Goal of the exercise ▸
Working from the data below, write out exactly the lines from its first through the line that contains "Filthy: The filter", both ends included and pictures omitted.

Records for the task ▸
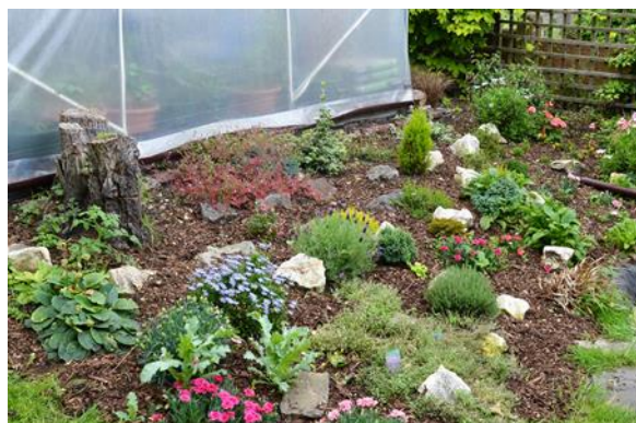
The Rockery – Gary's creation

As well as tending their own raised beds the community gardeners also help to maintain the garden as a whole. Some gardeners have taken on particular responsibilities. For example, Gary has been developing the rockery in front of the polytunnel and has also planted pots and hanging baskets around the garden.
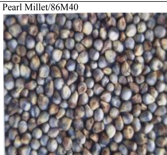
Figure 06: General view of seeds
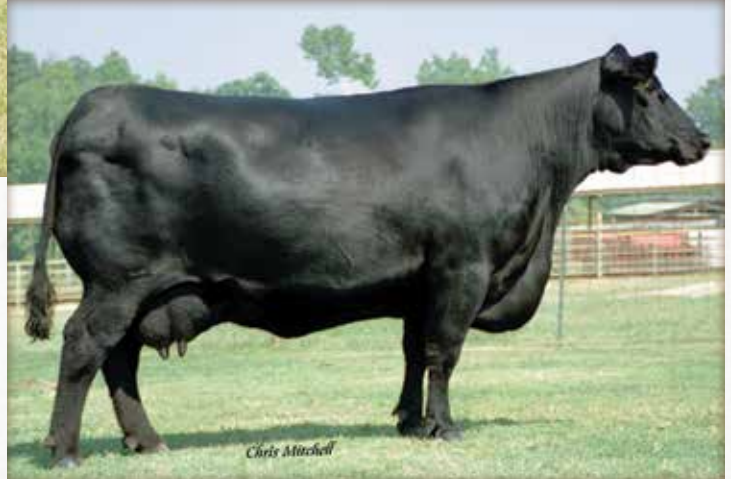
SVF Forever Lady 57D / A granddaughter of this power female sells as Lot 80.
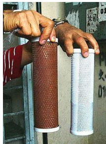
Filthy: The filter on the left used by a resident shows the level of the dirty water supplied to the area.

Meanwhile, over the last two years till now, the residents have been complaining about murky, yellowish water and sometimes go without water supply a few times a week. It is evident that after nearly 40 years since the structure was constructed, the wear and tear has taken a toll on the tank, and is in turn affecting the quality of the water. The residents said their numerous complaints to the water concessionaire had fallen on deaf years.
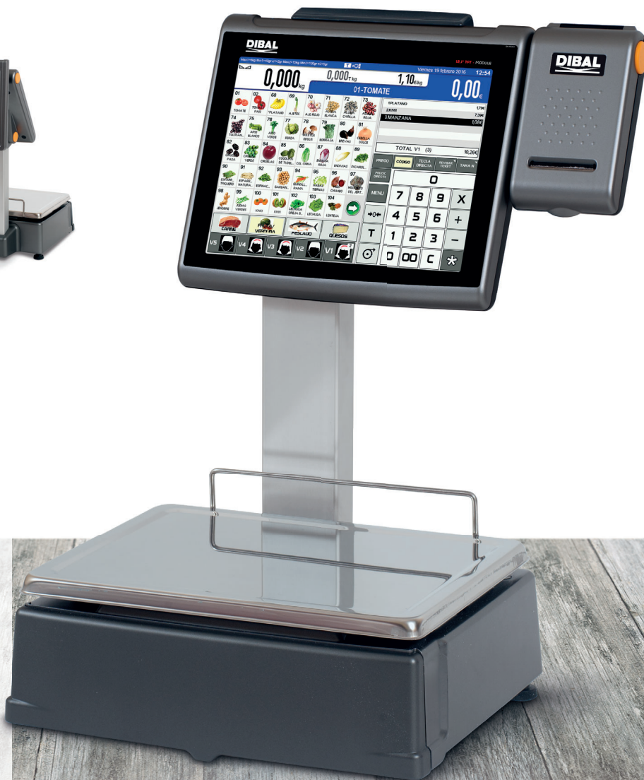
Plate dimensions: L360 x W280 mm. Weight with packaging: 21.0 kg.
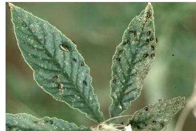
adult beetles
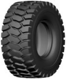
ETDT - E4
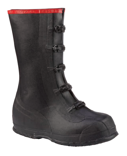
T369 | Black/Red Trim, 15"
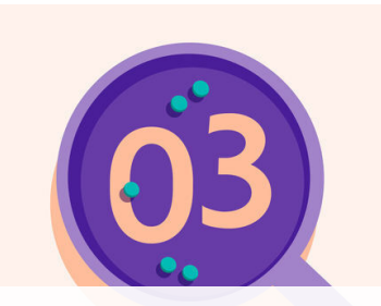
3. Chop cilantro & serve
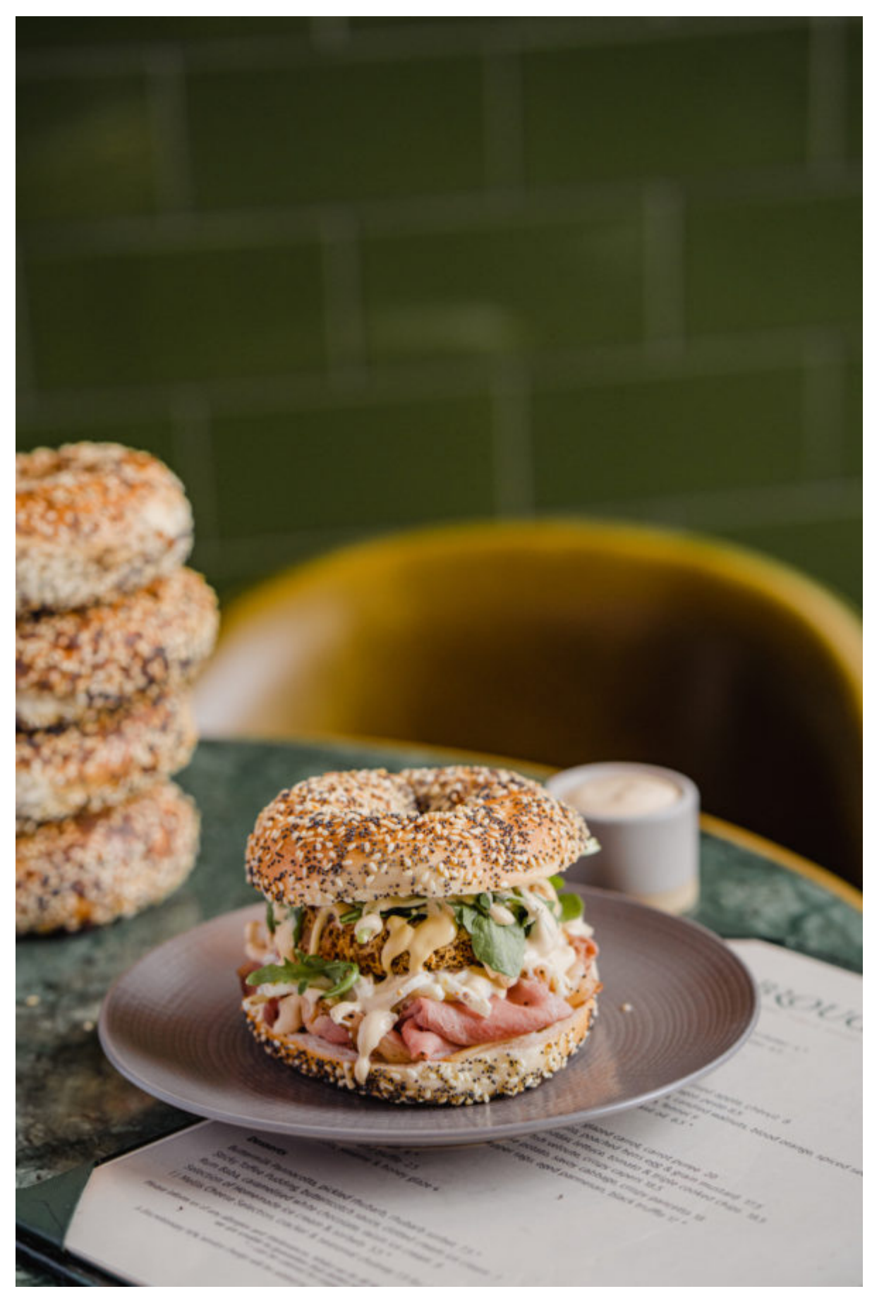
The Holey Roast from Bross Bagels and The Broughton
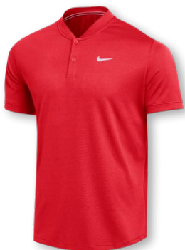
NIKECOURT DRI-FIT POLO DH4933 Page 4
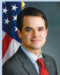
Senator DAVID CARLUCCI

Observe the passage of Dyslexia Day Resolutions in the Assembly and Senate!
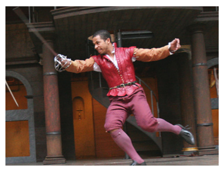
This is Tybalt
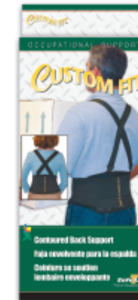
Custom Fit® Contoured Back Support

Model: 70-120 Color: Black Size: XS-XXL HCPCS: L1499
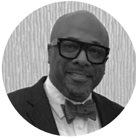
ANTHONY ALBURY NALLEY HYUNDAI

PARTS & SERVICE GROSS PROFIT -GREATEST % GROWTH; CUSTOMER PAY RO COUNT -GREATEST % GROWTH - IMPORT
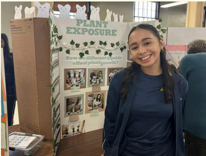
6 th and 7 th graders came up with awesome experiments for our annual Science Fair
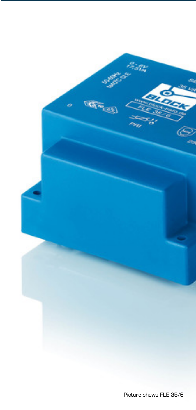
Picture shows FLE 35/6
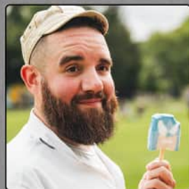
August 6 vs. Independants W 22 - 4
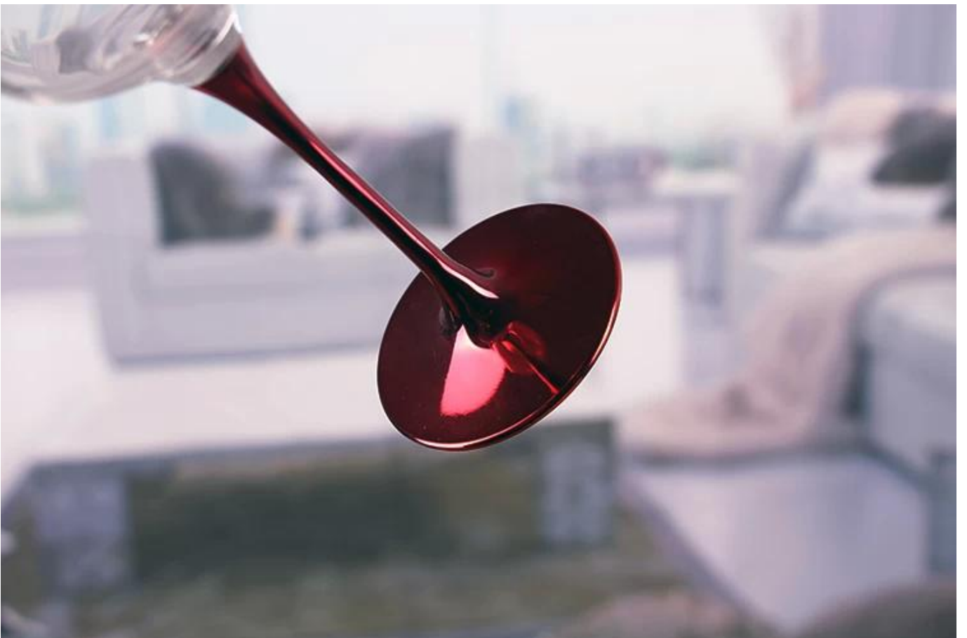
Electroplate red stem wine glasses

Task output ▸
The Rockery – Gary's creation

As well as tending their own raised beds the community gardeners also help to maintain the garden as a whole. Some gardeners have taken on particular responsibilities. For example, Gary has been developing the rockery in front of the polytunnel and has also planted pots and hanging baskets around the garden.
Figure 06: General view of seeds
SVF Forever Lady 57D / A granddaughter of this power female sells as Lot 80.
Filthy: The filter on the left used by a resident shows the level of the dirty water supplied to the area.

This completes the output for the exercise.